Re: RFC: Btrfs snapshots feature for F13

2009-11-18 Thread Chris Ball
Hi David,

Shouldn't it say next time volume is mounted instead of next
boot?  We can always special case rootfs to say next boot of
course (since rootfs can't be unmounted until next boot).

Good point.  That's fine.

Also, what is the mechanism to configure this? Just a simple
command from btrfs-progs (best)? Or does it require surgery to
/etc/fstab and/or the initramfs (bad)?

Josef's been thinking about exactly that -- the current situation
requires you to add subvol=snapshot-name to the mount args, which
indeed would require you to change fstab (for non-rootfs) or to add a
rootflags= argument to the grub menu (for rootfs).  He's considering
changing the btrfs disk format to add a default subvolume for this
fs field that would lead us to a simple btrfsctl command for setting
that field instead.  I agree that his solution's what we'd like.

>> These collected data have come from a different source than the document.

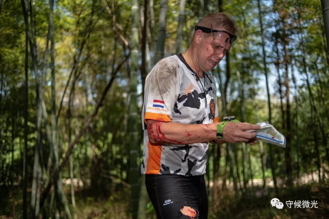 10月20日,军运会定向越野个人计时赛上,荷兰运动员查看地图。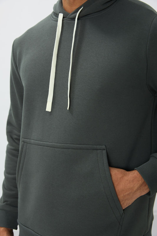 Standard Fit Basic Men's Stone Cotton Soft Woven Sweatshirt - 88363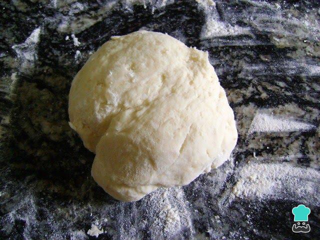 O passo seguinte do nhoque de mandioca é transferir a mistura para uma superfície lisa e enfarinhada e acrescentar a farinha, pouco a pouco, enquanto sova. O ideal é obter uma massa lisa que desgruda, pelo que poderá não ser necessário usar toda a farinha, ou usar mais.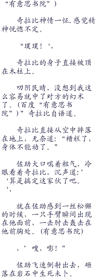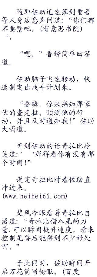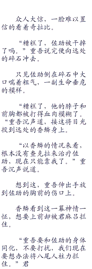 佐助神情一怔.他都没想到奇拉比会突然出手,这种时刻,佐助只好双手格挡。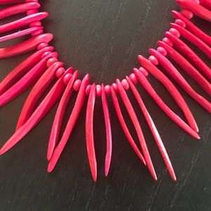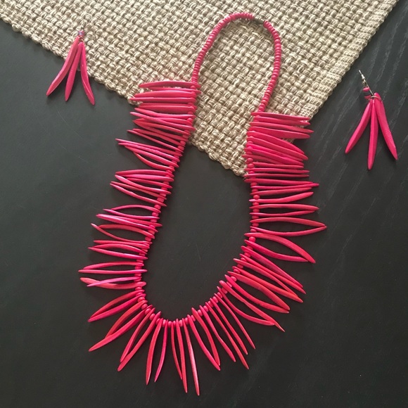 Such a beautiful & lightweight statement piece! This 3 piece set comes in hot pink with an added turquoise wooden bead in each one of the earrings. I believe the pieces are made of an extremely lightweight wood. Maybe teakwood. Again I’m not sure but regardless.....it’s a strong beautiful statement piece. One of the earrings has a scratch on it. (Fead in last pic). Can easily be colored in. 😍🌺🌸🌼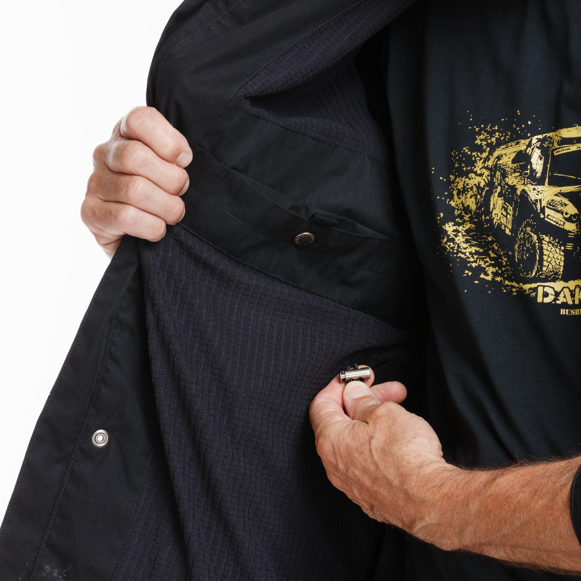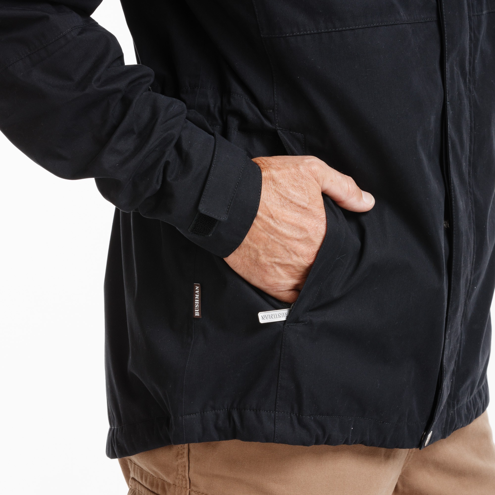Această jachetă impermeabilă (70% bumbac, 30% nailon) este foarte respirabilă și funcțională. Are o croială sportivă, o căptușeală ușoară și o închidere cu fermoar și capse, cusături cu bandă aderentă, o glugă practică cu vizieră mulată și partea din spate ușor alungită. Țesătura superioară din țesătură twill are o membrană cu fibre ușoare periate și laminate. Gluga este reglabilă cu ajutorul unor cordoane de tragere duble și există, de asemenea, un cordon de strângere suplimentar la talie și la tivul inferior. Lărgimea inferioară a mânecilor poate fi, de asemenea, ușor ajustată cu Velcro. Jacheta este căptușită cu o țesătură pufoasă și moale, cu o textură în carouri, pentru o mai bună respirabilitate. Are mai multe buzunare: 3 buzunare externe, dintre care unul are fermoar pe mânecă, și două buzunare interne. Mâneca prezintă o broderie de brand și este, desigur, echipată cu fermoare YKK. Greutate: 165 g/m2.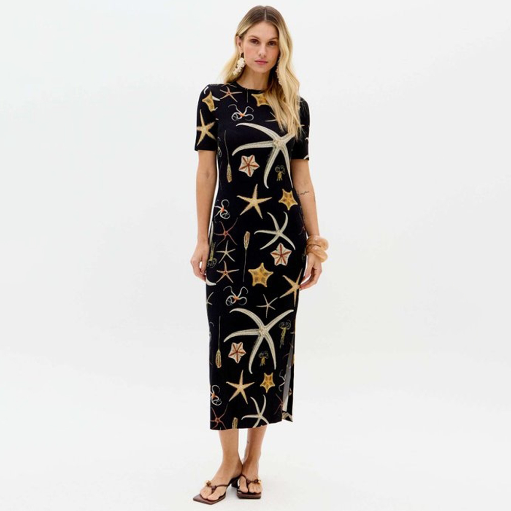 Vestido Super Midi Lança Perfume Frisos Ve26 Preto Feminino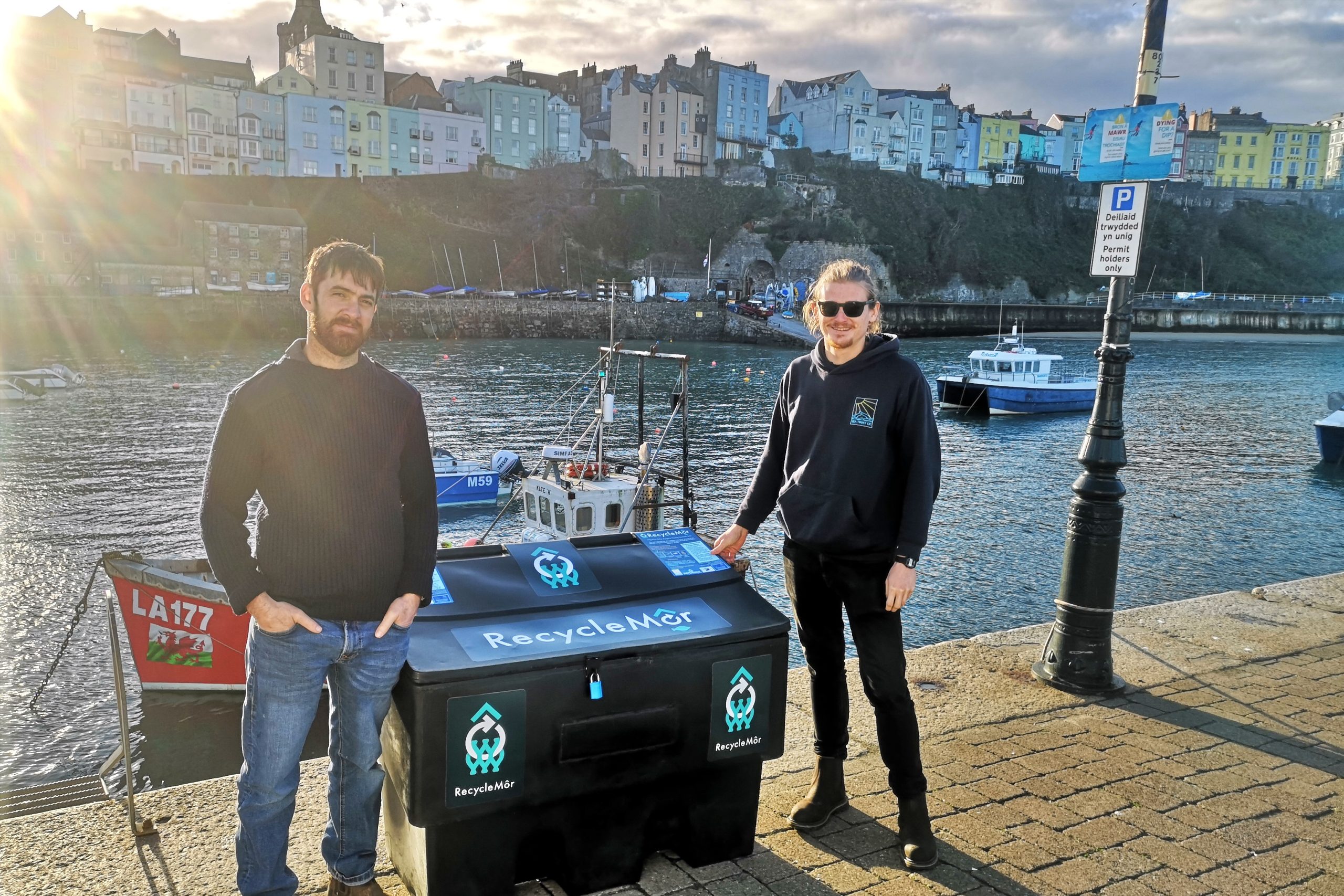 Lloyd and Chris with Recycle Mor Bin at Tenby Harbour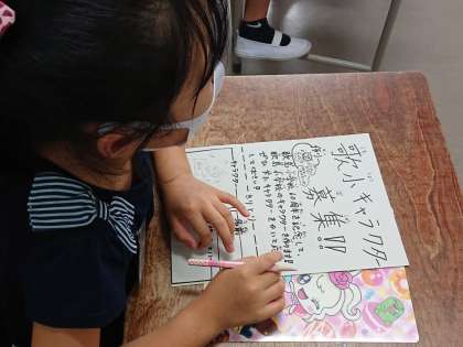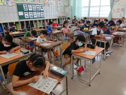 昨日は1年生が「歌島小のキャラクター」を考えていましたが、今日は3年生がキャラクターを一生懸命考えていました。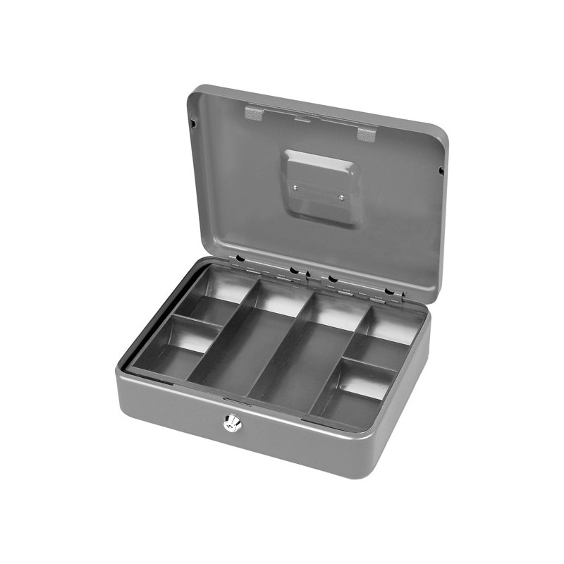 Cassetta portavalori Serie Secur in lamiera verniciata a polvere epissodica. Maniglia in acciaio nichelato incassata sul coperchio. Colore grigio. Serratura a chiave.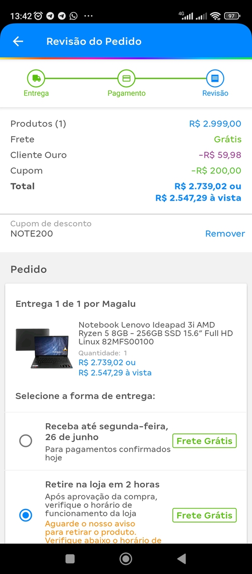 Para mim, esta dando 2460, pelo app, cliente ouro e cartão magalu ouro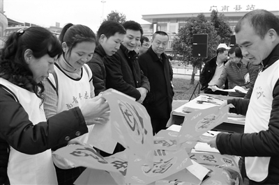 上图为:1月13日,云南省广南县外出务工的乡亲陆续返乡了,该县总工会邀请书画家在广南高铁车站站前广场写春联、画门神,送给乡亲带回家。江艳 摄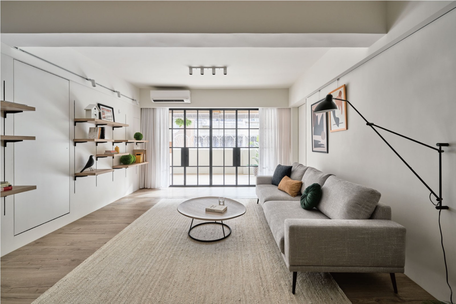 墙面是极简的大白墙,但左侧做了隐形柜门+悬浮层板,把收纳藏在“无把手”的立面里;浅灰布艺沙发搭配墨绿、焦糖色抱枕,像往白画布上点了几笔暖色调;黑色工业风落地灯+抽象装饰画,是复古感的点睛之笔;大落地窗配白纱帘,让自然光把整个空间裹得软软的,连地毯都是亚麻肌理,踩上去像踩在“松弛感”里。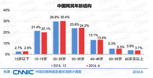网民结构中男女比例为53:47,与人口性别比例基本一致(51.2:48.8)。其中,20-29岁年龄段的网民比重最高,达30.4%;其次为30-39、10-29岁群体,比重分别为24.2%、20.1%。10-39岁群体占总网民数的74.7%,成为主力军。10岁以下及40岁以上群体比重略有增加。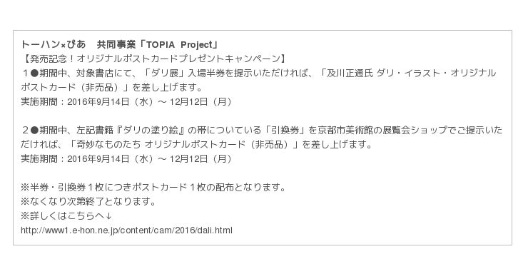 トーハン×ぴあ 共同事業「TOPIA Project」では、この発売を記念して「オリジナルポストカードプレゼントキャンペーン」」を実施。期間中、対象書店にて、「ダリ展」入場半券を提示いただくと、「及川正通氏 ダリ・イラスト・オリジナルポストカード(非売品)」をプレゼント。同じく期間中、『ダリの塗り絵』の帯についている「引換券」を国立新美術館ショップでご提示いただいた方には、「奇妙なものたち オリジナルポストカード(非売品)」を差し上げます。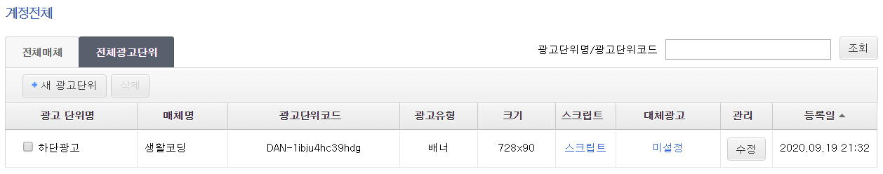 광고단위 목록을 클릭하면 아래와 같이 광고단위가 등록 되어 있는 것을 알 수 있다.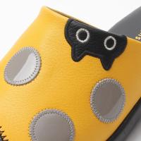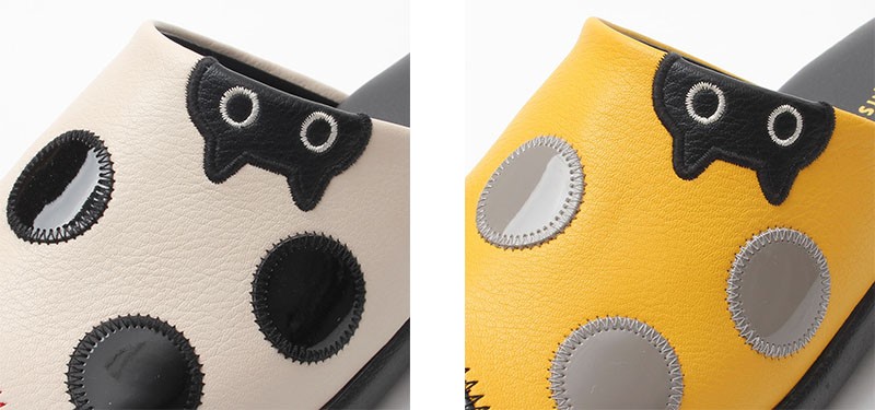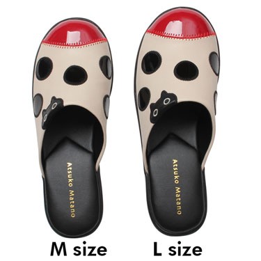 光沢のあるエナメル調のドットにかわいいMEMEのアップリケ。つま先もエナメル調のキャップトウでかわいらしいデザインです。 | ||
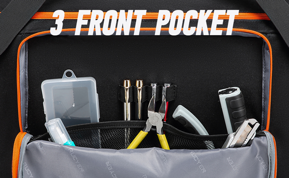 - Multiple pockets: There is a large zipper pocket on the front side, which can hold documents and other items. There are two snap pockets on both sides, which can hold battery chargers and other tools. It is more convenient to store all items and is a good helper for your work and travel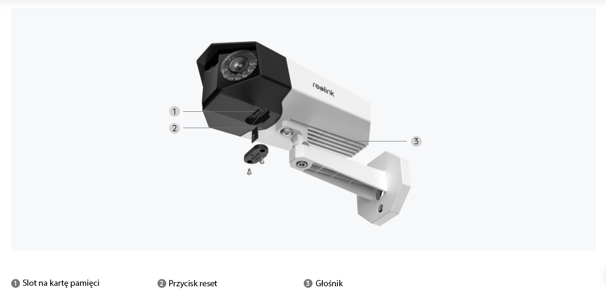 Karta micro SD (nie jest w zestawie) - Nagrania po wykryciu ruchu na kartę pamięci. Maksymalna pojemność karty 128 GB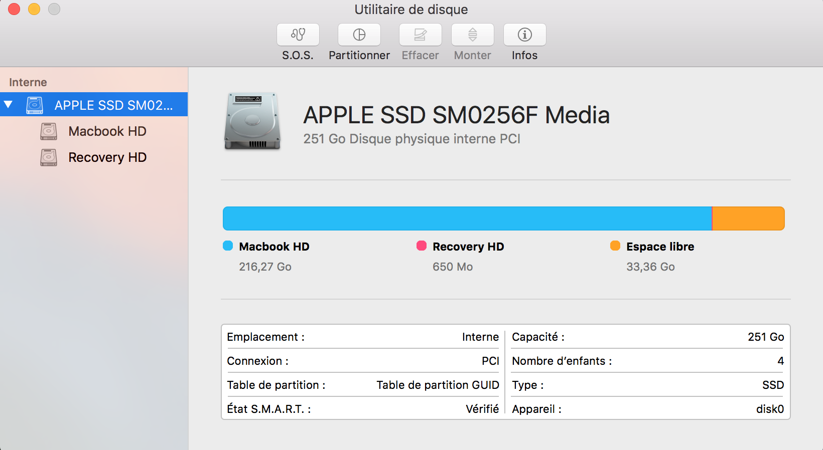 Je me retrouve avec 3 partitions : Macbook HD, Recovery (bizarre qu'elle apparaisse non ?) et une sans nom de 33Go (qui servait pour Ubuntu).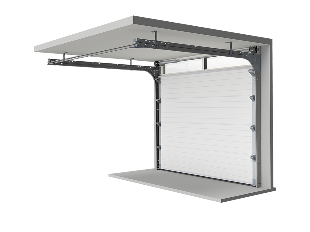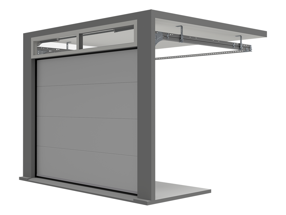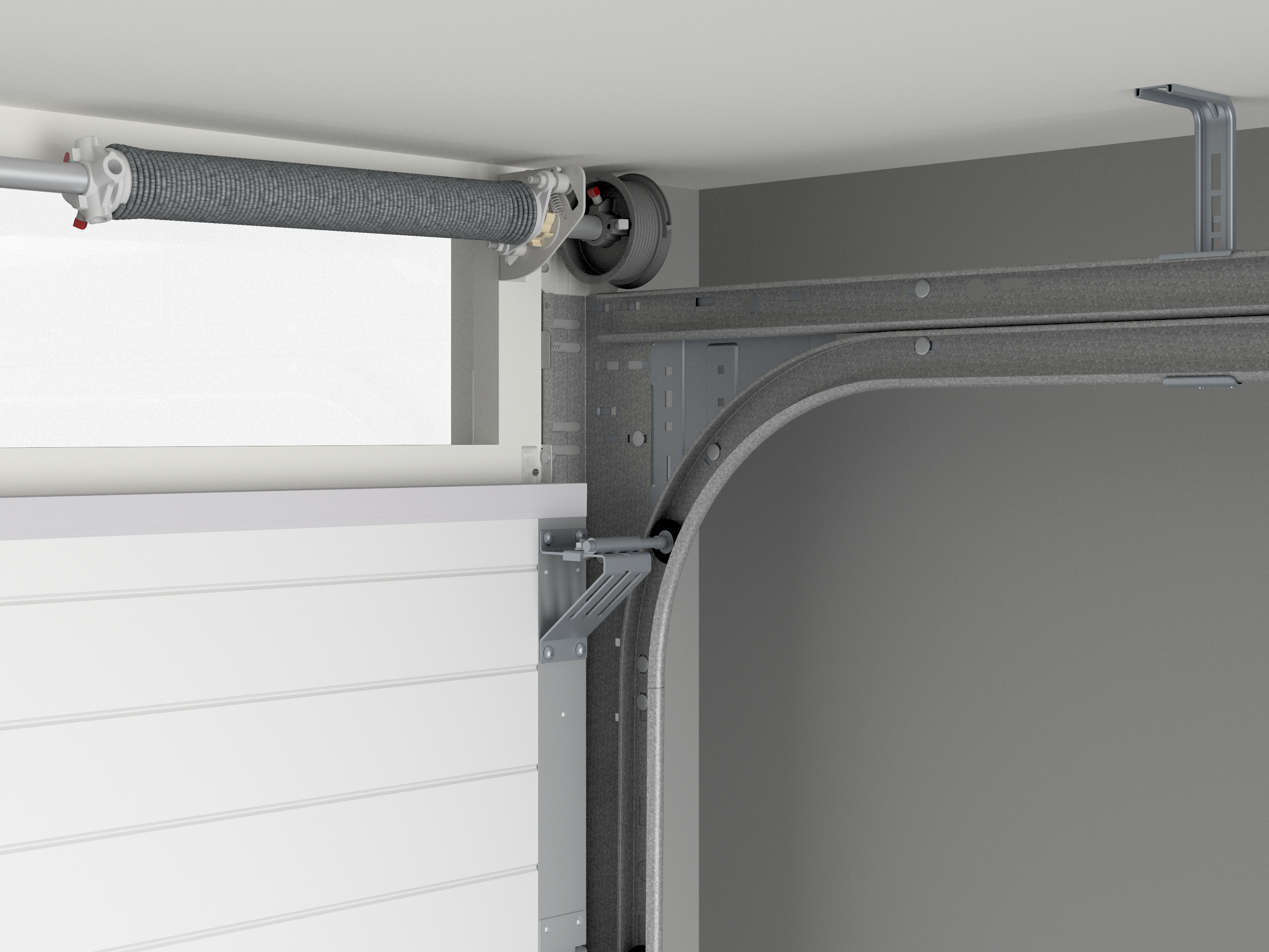 Our HOME-F residential door system offers a simple way to keep the power unit out of sight when windows are installed above the garage door opening.

OK. We need to decide how all this is going to work - maybe some
of it will go into GIO and be part of an abstraction that also
works for other filesystems, maybe it will be a Nautilus-only
feature. I don't know yet, leaning towards the latter right now,
but I guess we'll find out.

Makes sense.

Thanks again.  I've updated the feature draft to include the
Palimpsest UI suggestion.

- Chris.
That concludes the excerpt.